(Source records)
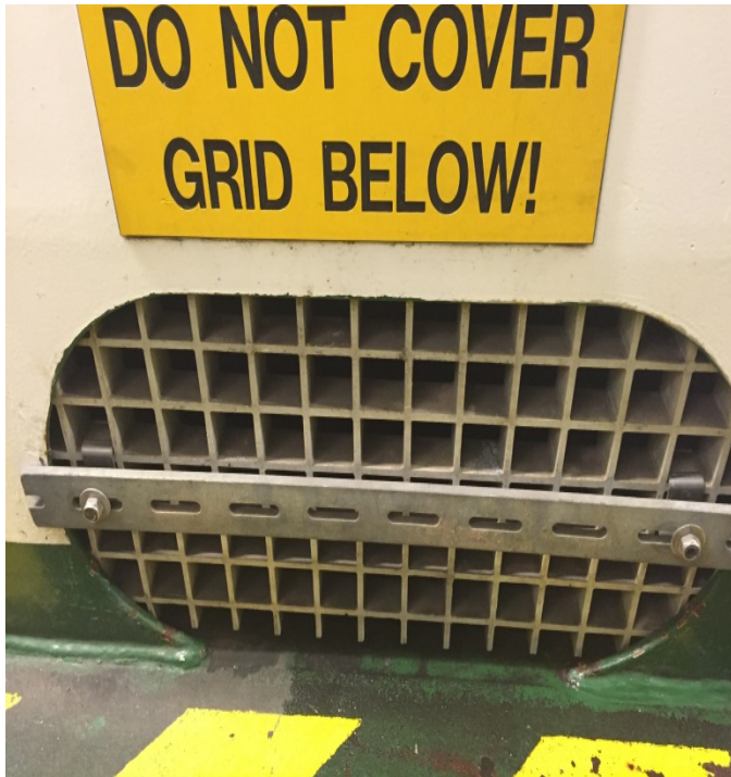
Fig 8: Vehicle deck drain

If the vessel's water drenching system is activated, a close check must be made on the over side discharge and the angle of list of the vessel. If a noticeable decline in the amount of water being discharged through the overboard drains is noticed in combination with the listing of the vessel then consideration should be given to stopping the drenching system until the vessel is brought upright.
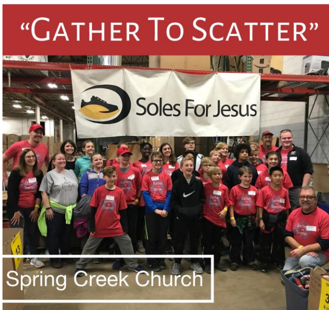
We enjoyed hosting the "Gather To Scatter"

SOS Events (Sort & Organize Shoes) Join us as we gather at our Milwaukee, WI warehouse to prepare shoes for shipment to Africa! New volunteers are always welcome and we will have a brief orientation before each event. Please contact us at 414-365-1392 or Yenh@SolesForJesus.org to sign-up for a date and time to come and volunteer.
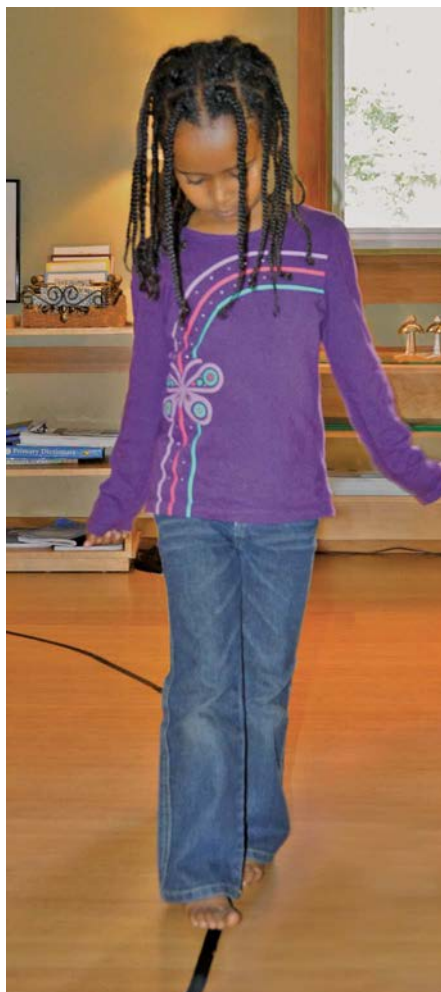
Fig. 3. Walking meditation in Montessori can be simply walking on a line (which required focused attention and concentration for young children) or walking on it without spilling water in a spoon or without letting your bell ring.

Montessori (36) curriculum does not mention EFs, but what Montessorians mean by “normal-
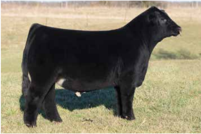
RATLIFF JUMP START 340J ET • Sire of Lot 28
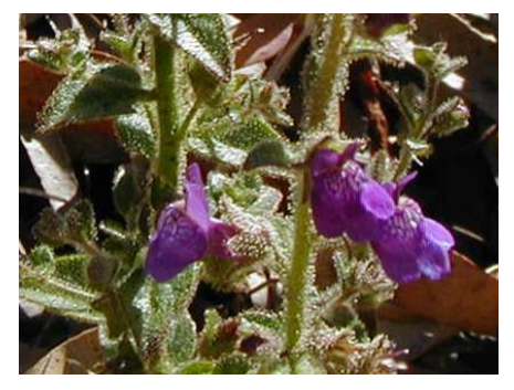
Antirrhinum nuttallianum subsessile SNAPDRAGON

Habitat: Coastal dunes and rocky outcrops. Locally rare on volcanic rocks near the coast.
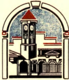
"City on the Gulf"
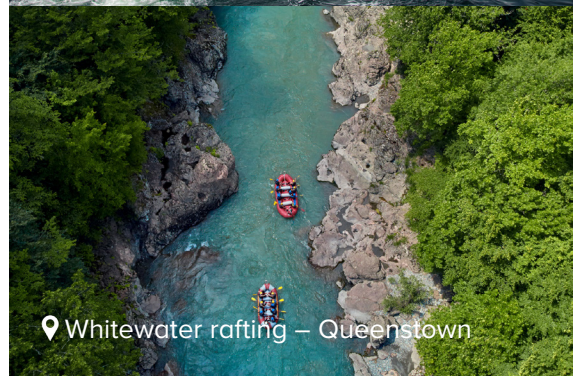
📍 Whitewater rafting – Queenstown
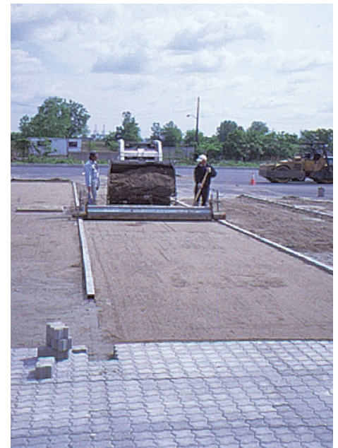
Figure 5. Powered screeding of the bedding sand accelerates its installation.
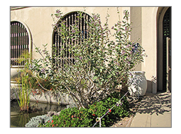
Giant Milkweed in bloom

1232 Canal Street New Smyrna Beach, FL 32168 Phone: 386-428-7298 Website: www.lindleysgardencenter.com
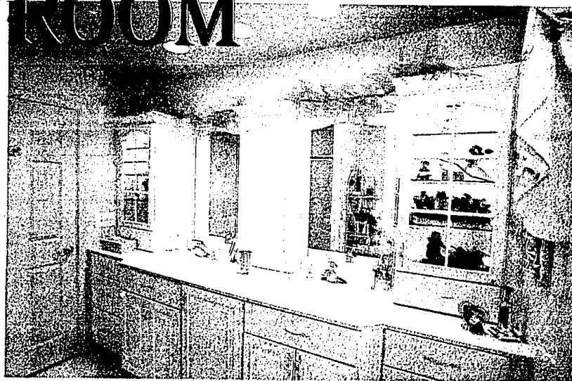
Brighter days: Lights and off-white accents brighten up displays of burgundy dried flowers, oil bottles and perfume bottles. The bathroom features a double sink, a hamper with sliding racks and two sets of outlets.
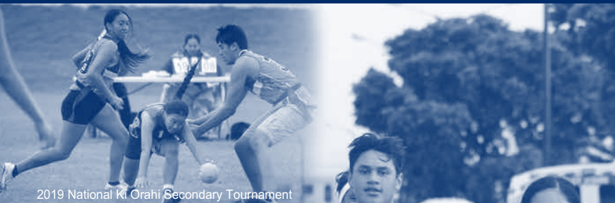
2019 National Ki Orahī Secondary Tournament
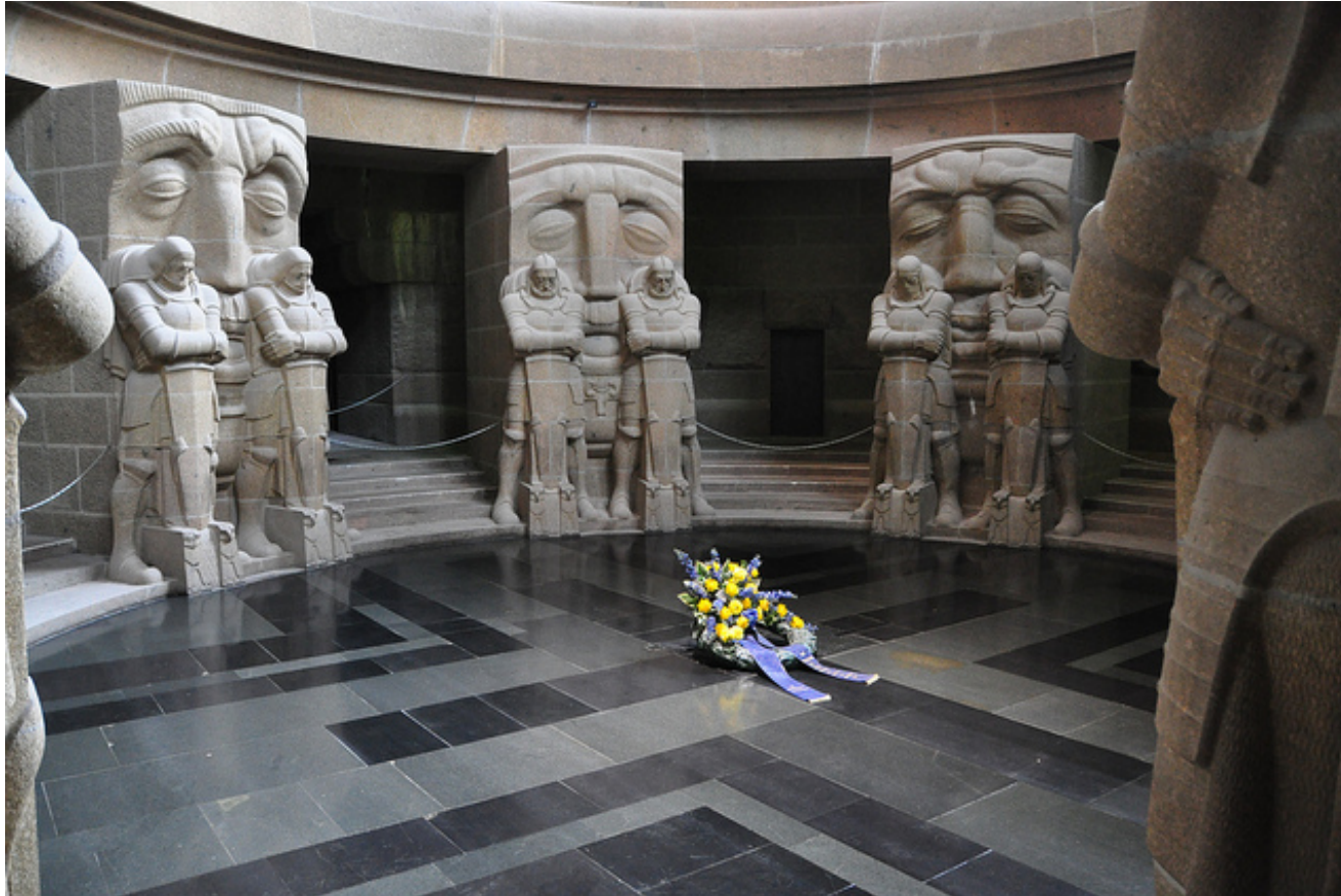
Figure 21. First Floor of Völkerschlachtdenkmal. 80
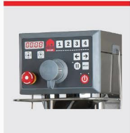
Attachment drive for meat mincer and vegetable cutter
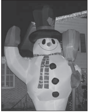
This snowman delivers his own greetings to passersby at 228 Lastner Lane.

Around this time of year it has been traditional for the youngsters who deliver the News Review to leave holiday greetings envelopes at the homes they serve. The News Review's financial position is such that we cannot pay our carriers very much. They are therefore dependent on generous holiday donations to supplement their nominal pay.
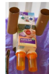
Star Wars characters created by the summer camp participants
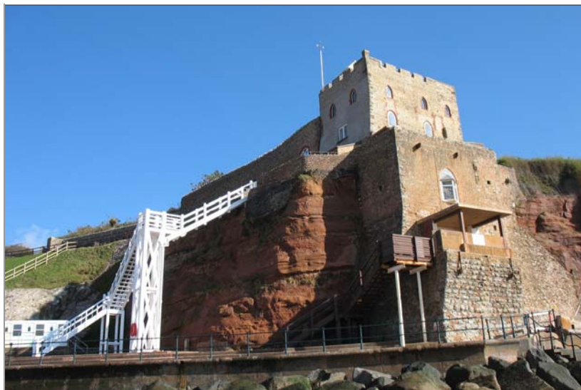
Jacobs Ladder, Sidmouth
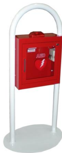
1483 with Optional Red Cabinet/White Frame & Siren Strobe Alarm
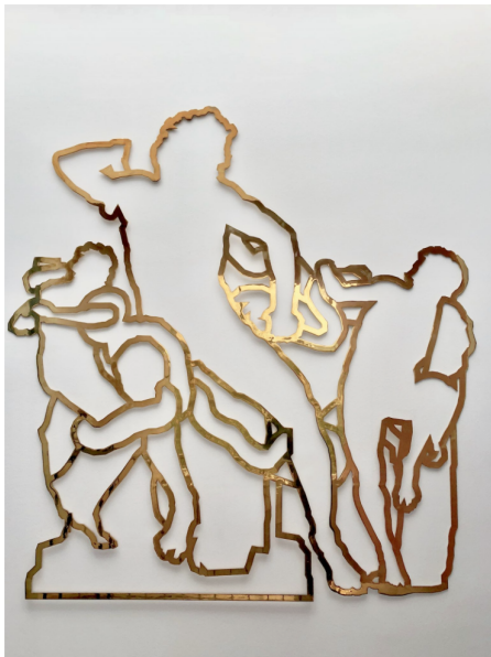
XU QU, Lineament (Laocoon), 2015.
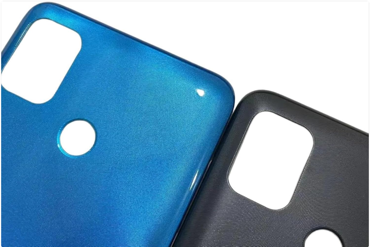
Figure 3.1: Close-up view of the camera and fingerprint sensor cutouts on both the black and blue back covers. This detailed image highlights the precision of the cutouts for critical phone components.
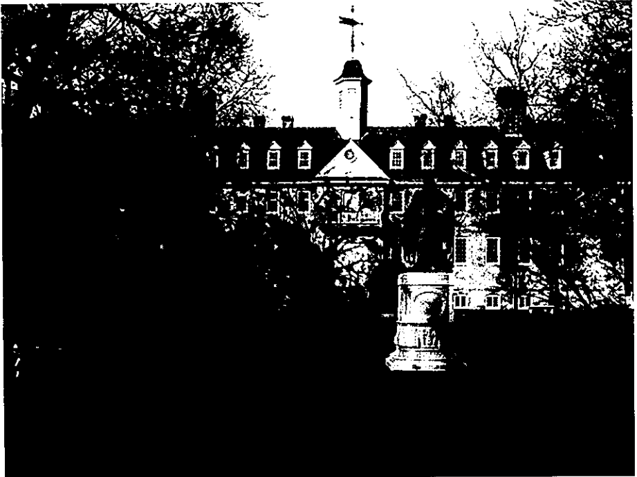
Sir Christopher Wren Building

The Historic Campus is the site of three restored pre-Revolutionary buildings. The Sir Christopher Wren Building (1695, restored 1928-31), still in daily classroom use, is the oldest academic building in the United States. The Brafferton (1723, restored 1932), originally a school for Indians established with a bequest from the English scientist Robert Boyle, today contains administrative offices. The third building, the President's House (1732, restored 1931), has served as home for each of the twenty-five presidents of the College.
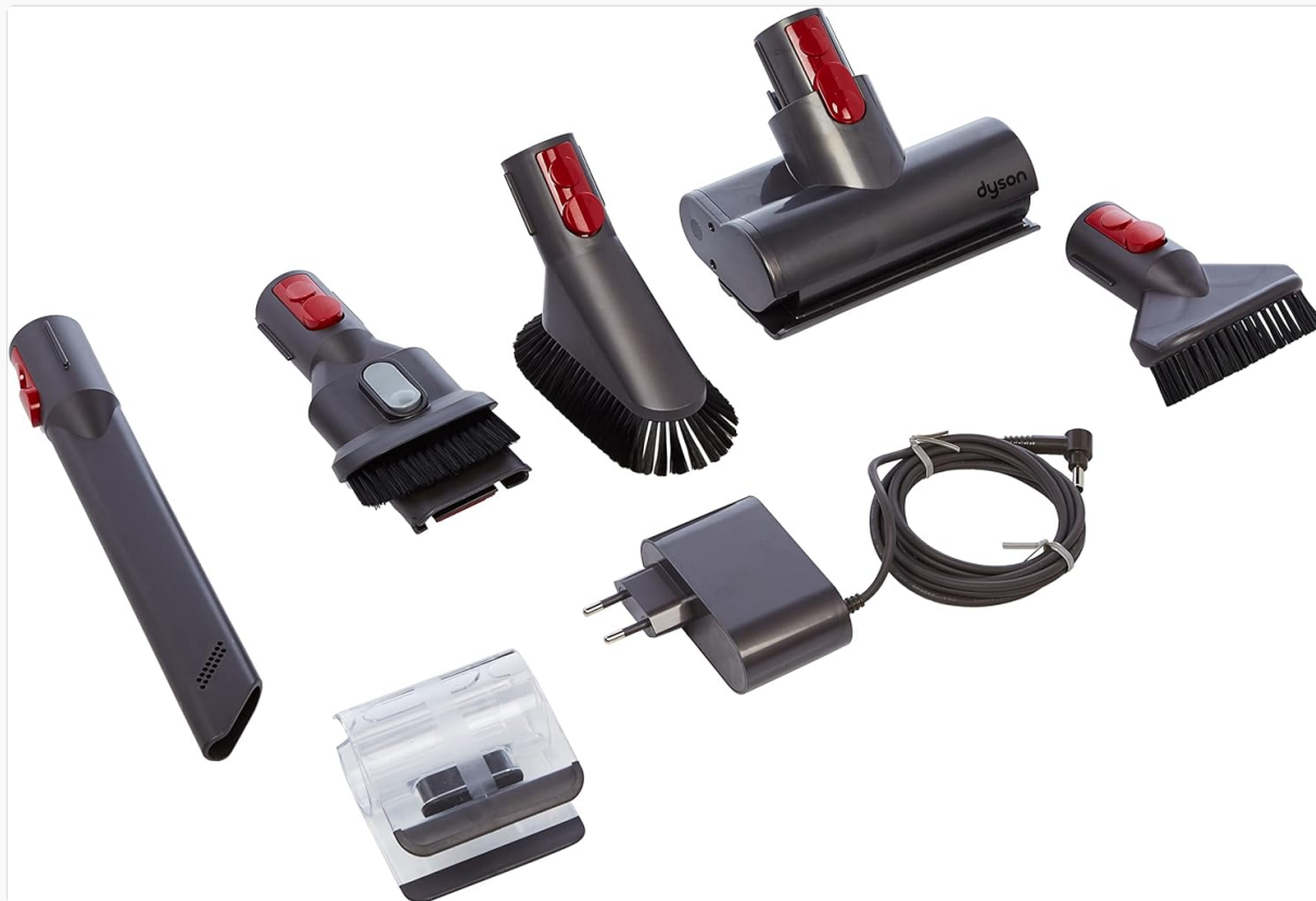
Image 1: Dyson V11 Torque Drive main unit and included accessories, such as the torque drive head, mini-motorized tool, crevice tool, stubborn dirt brush, soft dusting brush, combination tool, wand storage clip, docking station, and charger.

The Dyson V11 Torque Drive is a powerful cordless vacuum cleaner designed for deep cleaning across various floor types. It features intelligent optimization of suction and run time, real-time reporting via an LCD screen, and versatile attachments for comprehensive home and car cleaning.

**Task instructions**. Set down exactly the lines from the start of the records through the line containing "This snowman delivers", both included, and omit the pictures.

**Written response**.
Fig 8: Vehicle deck drain

If the vessel's water drenching system is activated, a close check must be made on the over side discharge and the angle of list of the vessel. If a noticeable decline in the amount of water being discharged through the overboard drains is noticed in combination with the listing of the vessel then consideration should be given to stopping the drenching system until the vessel is brought upright.
We enjoyed hosting the "Gather To Scatter"

SOS Events (Sort & Organize Shoes) Join us as we gather at our Milwaukee, WI warehouse to prepare shoes for shipment to Africa! New volunteers are always welcome and we will have a brief orientation before each event. Please contact us at 414-365-1392 or Yenh@SolesForJesus.org to sign-up for a date and time to come and volunteer.
Fig. 3. Walking meditation in Montessori can be simply walking on a line (which required focused attention and concentration for young children) or walking on it without spilling water in a spoon or without letting your bell ring.

Montessori (36) curriculum does not mention EFs, but what Montessorians mean by “normal-
RATLIFF JUMP START 340J ET • Sire of Lot 28
Antirrhinum nuttallianum subsessile SNAPDRAGON

Habitat: Coastal dunes and rocky outcrops. Locally rare on volcanic rocks near the coast.
"City on the Gulf"
📍 Whitewater rafting – Queenstown
Figure 5. Powered screeding of the bedding sand accelerates its installation.
Giant Milkweed in bloom

1232 Canal Street New Smyrna Beach, FL 32168 Phone: 386-428-7298 Website: www.lindleysgardencenter.com
Brighter days: Lights and off-white accents brighten up displays of burgundy dried flowers, oil bottles and perfume bottles. The bathroom features a double sink, a hamper with sliding racks and two sets of outlets.
2019 National Ki Orahī Secondary Tournament
Figure 21. First Floor of Völkerschlachtdenkmal. 80
Attachment drive for meat mincer and vegetable cutter
This snowman delivers his own greetings to passersby at 228 Lastner Lane.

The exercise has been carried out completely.